» Requirement
Every entry in the following listing must be restated word for word, though not its pictures.

» Source data
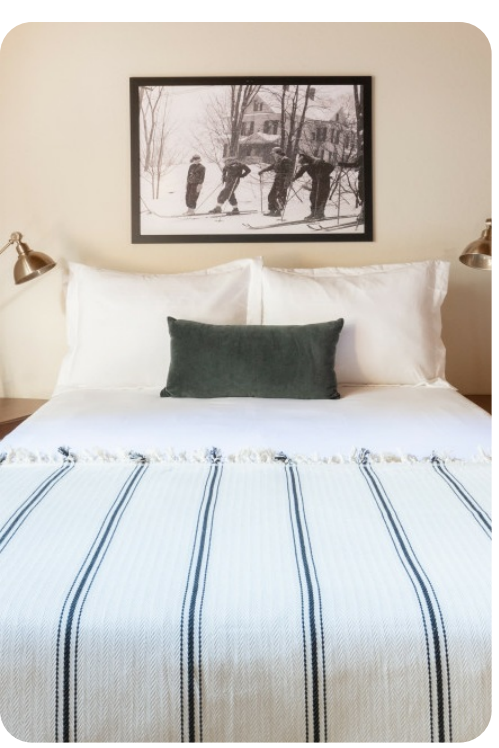
Lake Tahoe 118 | Page 4 of 8
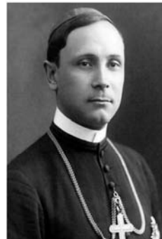
+ IULIU HOSSU

Copyright © 2023 by Serban Nichifor (SABAM and UCMR-ADA)
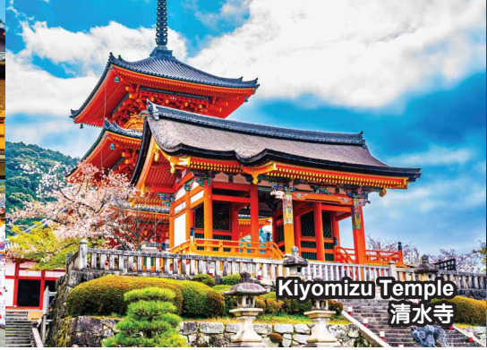
Kiyomizu Temple 清水寺
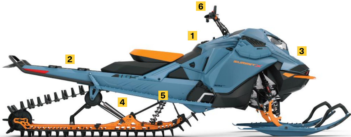
SUMMIT® X® 165 850 E-TEC® TURBO SHOWN

One-piece polypropylene construction instantly drops 6.2 lb of weight. Optimized ventilation for heat dispersion and noise reduction.

» Response to the exercise
Lake Tahoe 118 | Page 4 of 8
+ IULIU HOSSU

Copyright © 2023 by Serban Nichifor (SABAM and UCMR-ADA)
Kiyomizu Temple 清水寺
SUMMIT® X® 165 850 E-TEC® TURBO SHOWN

One-piece polypropylene construction instantly drops 6.2 lb of weight. Optimized ventilation for heat dispersion and noise reduction.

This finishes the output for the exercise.